== Segment start ==

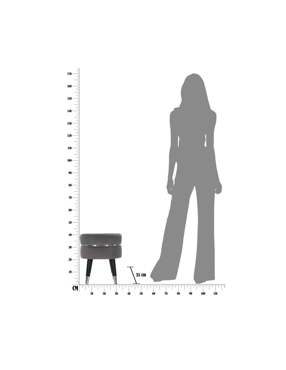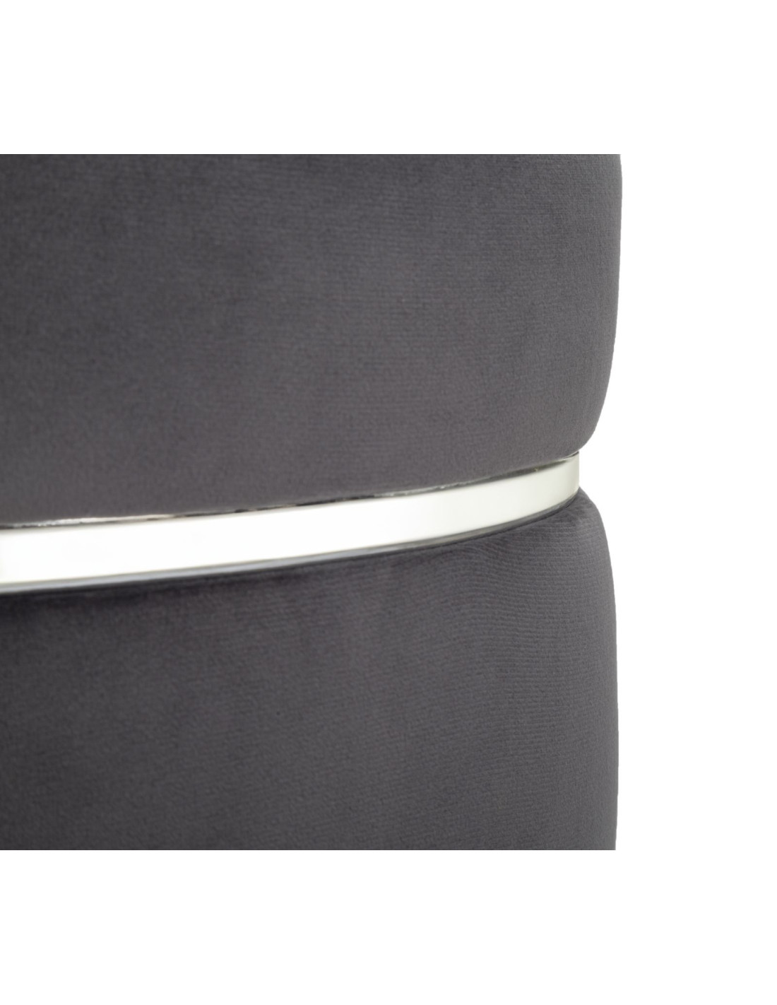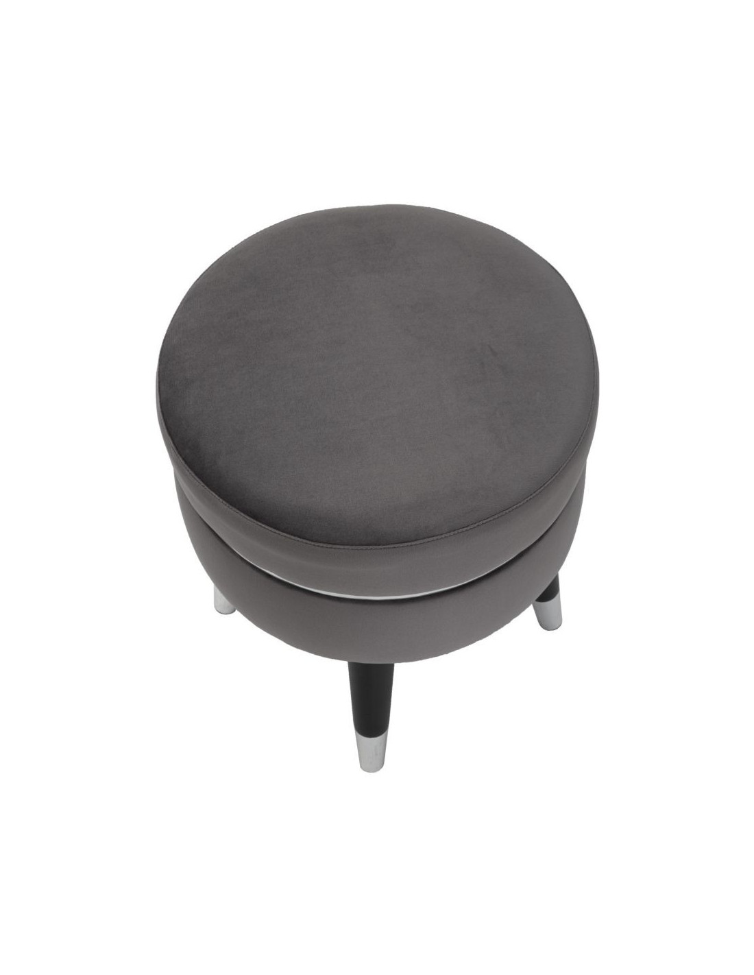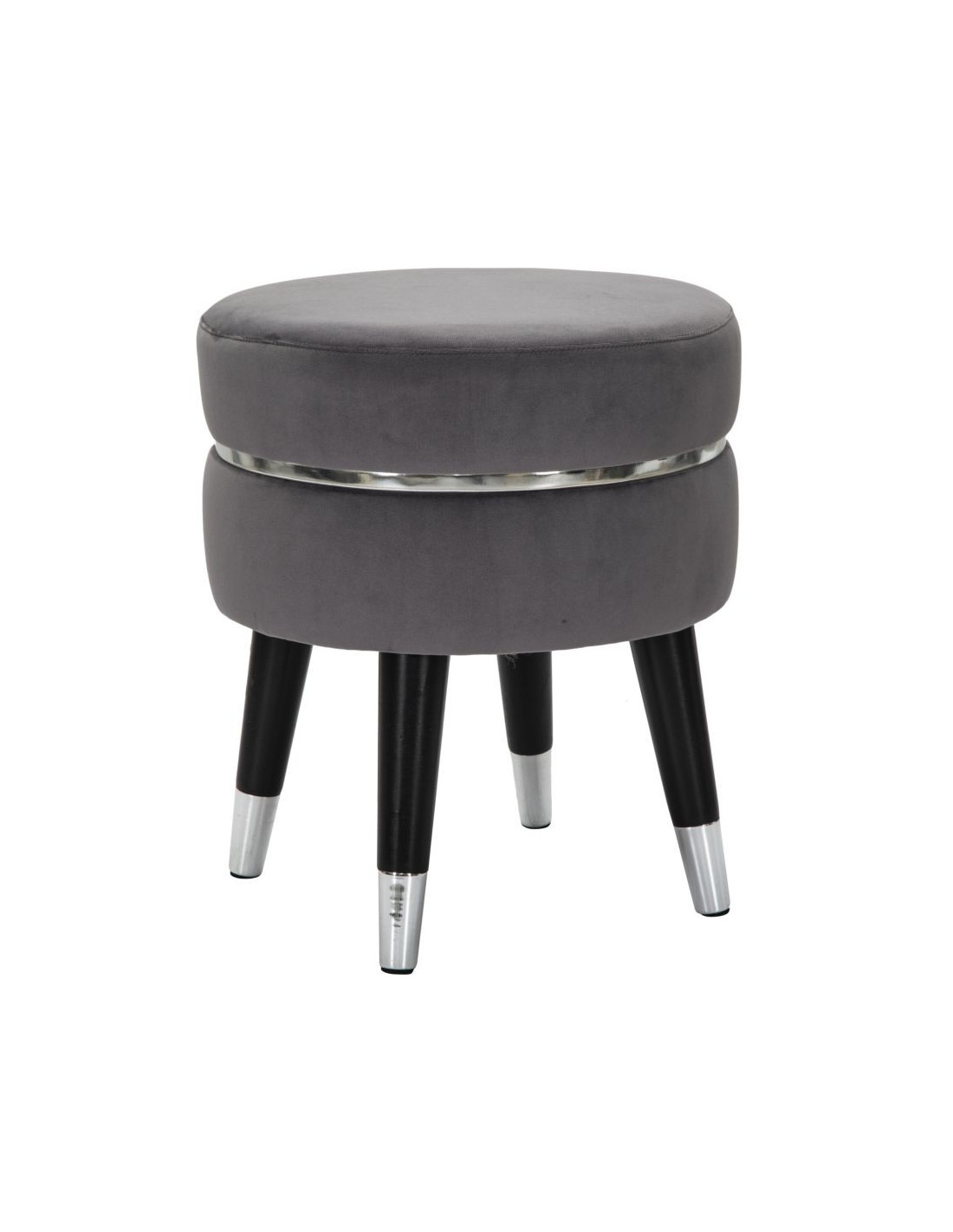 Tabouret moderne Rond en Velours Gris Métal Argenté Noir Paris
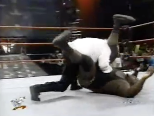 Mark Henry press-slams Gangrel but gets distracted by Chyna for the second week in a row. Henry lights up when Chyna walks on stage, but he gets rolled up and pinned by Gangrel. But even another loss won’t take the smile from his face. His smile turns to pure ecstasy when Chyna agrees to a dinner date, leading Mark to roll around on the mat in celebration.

== Segment end ==
== Segment start ==

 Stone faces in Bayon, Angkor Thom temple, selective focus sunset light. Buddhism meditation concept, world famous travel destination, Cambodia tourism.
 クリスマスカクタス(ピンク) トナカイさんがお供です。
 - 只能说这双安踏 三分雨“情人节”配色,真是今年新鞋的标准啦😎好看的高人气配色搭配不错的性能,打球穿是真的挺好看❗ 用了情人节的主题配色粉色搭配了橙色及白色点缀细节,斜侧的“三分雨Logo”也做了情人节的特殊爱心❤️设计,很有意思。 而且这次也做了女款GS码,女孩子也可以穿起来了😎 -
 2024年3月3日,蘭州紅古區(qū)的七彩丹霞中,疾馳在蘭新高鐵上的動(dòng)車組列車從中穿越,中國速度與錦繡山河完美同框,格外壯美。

== Segment end ==
== Segment start ==

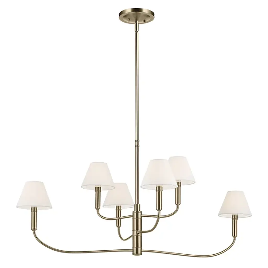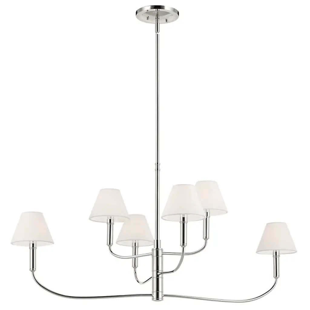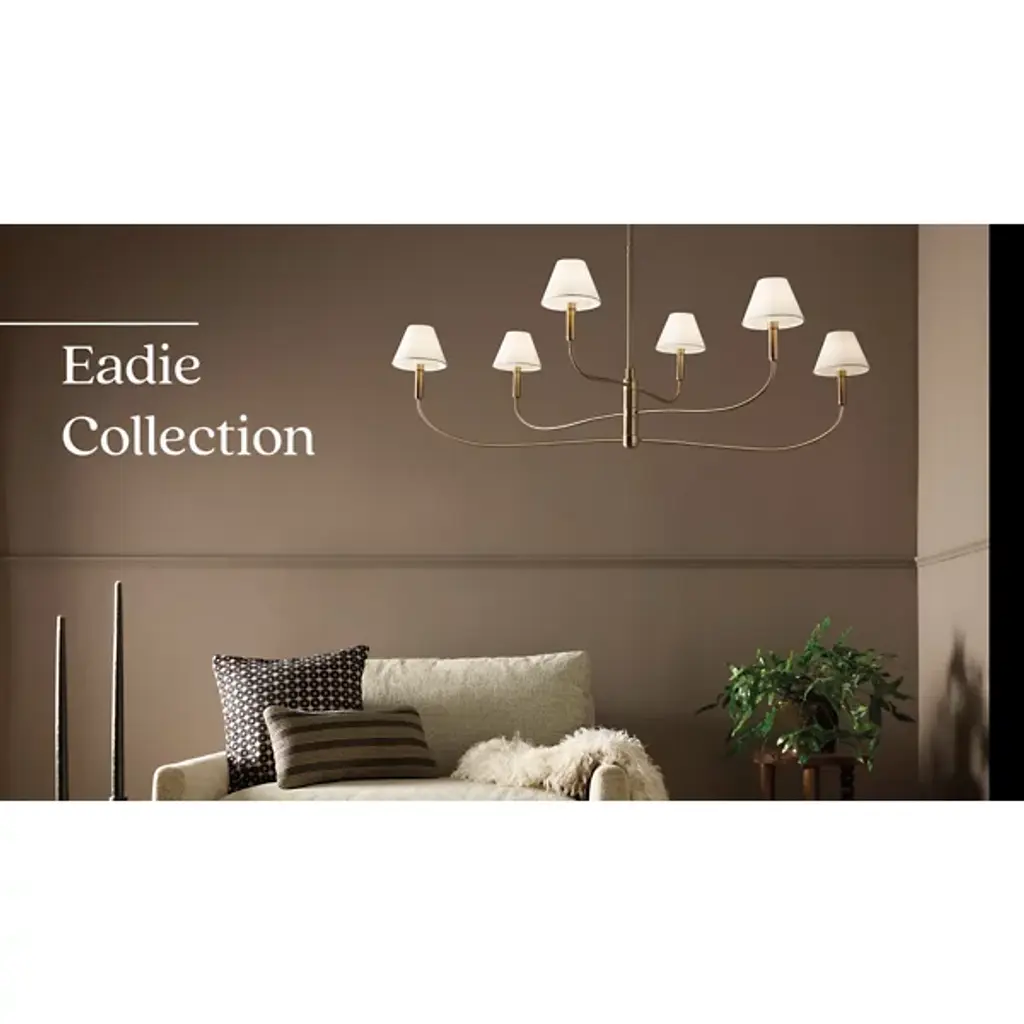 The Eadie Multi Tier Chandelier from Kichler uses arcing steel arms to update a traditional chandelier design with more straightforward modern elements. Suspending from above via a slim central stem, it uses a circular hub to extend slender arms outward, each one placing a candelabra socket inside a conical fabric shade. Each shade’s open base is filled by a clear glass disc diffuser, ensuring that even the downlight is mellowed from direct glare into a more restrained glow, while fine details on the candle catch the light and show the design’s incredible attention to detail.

== Segment end ==

How to complete this task: Start at the line above containing "Tabouret moderne Rond" and stop at the line containing "Mark Henry press-slams": print those lines and everything between them exactly, but not the pictures.

Final answer:
 Tabouret moderne Rond en Velours Gris Métal Argenté Noir Paris
 Mark Henry press-slams Gangrel but gets distracted by Chyna for the second week in a row. Henry lights up when Chyna walks on stage, but he gets rolled up and pinned by Gangrel. But even another loss won’t take the smile from his face. His smile turns to pure ecstasy when Chyna agrees to a dinner date, leading Mark to roll around on the mat in celebration.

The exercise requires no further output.